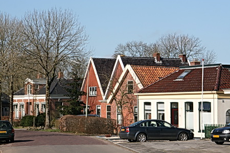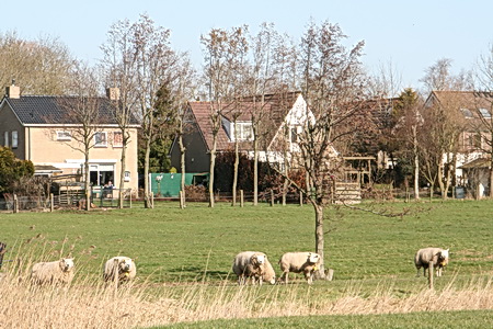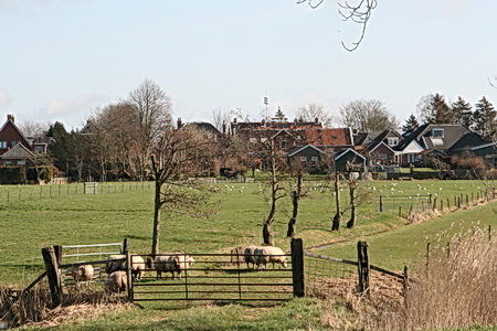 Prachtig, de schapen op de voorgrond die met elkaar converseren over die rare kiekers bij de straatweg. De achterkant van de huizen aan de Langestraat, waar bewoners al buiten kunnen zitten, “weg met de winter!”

* * *

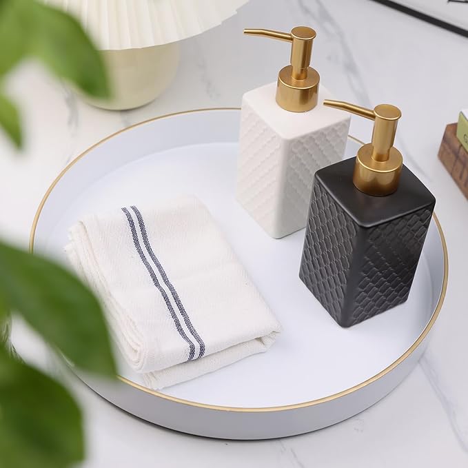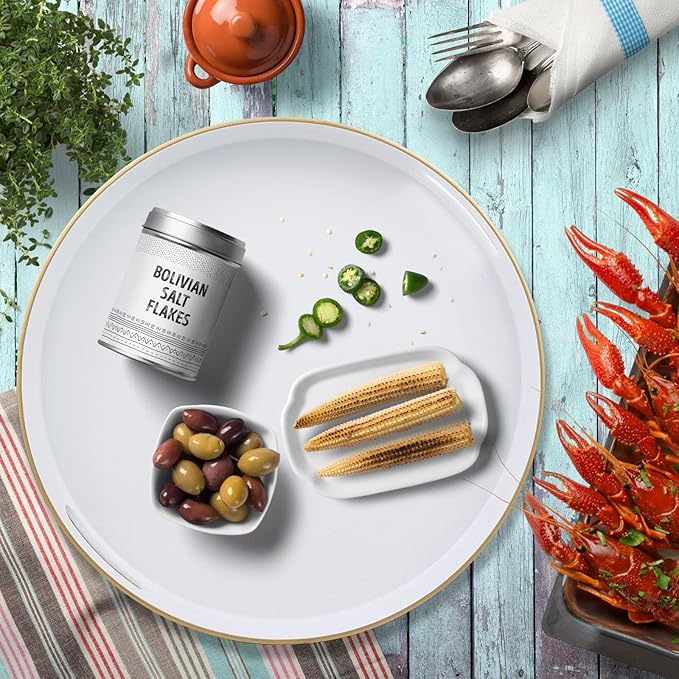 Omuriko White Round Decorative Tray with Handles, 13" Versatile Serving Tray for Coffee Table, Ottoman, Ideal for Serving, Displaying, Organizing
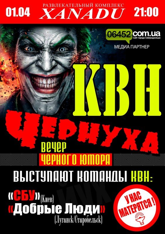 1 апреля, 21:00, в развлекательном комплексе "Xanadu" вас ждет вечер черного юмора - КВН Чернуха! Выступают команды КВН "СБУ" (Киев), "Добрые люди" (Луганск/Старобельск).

__Work to be completed__. Take only the lines above from the one that has "Omuriko White Round" through the one that has "1 апреля, 21:00, в" and reproduce them exactly, omitting any pictures.

__Your solution__.
 Omuriko White Round Decorative Tray with Handles, 13" Versatile Serving Tray for Coffee Table, Ottoman, Ideal for Serving, Displaying, Organizing
 1 апреля, 21:00, в развлекательном комплексе "Xanadu" вас ждет вечер черного юмора - КВН Чернуха! Выступают команды КВН "СБУ" (Киев), "Добрые люди" (Луганск/Старобельск).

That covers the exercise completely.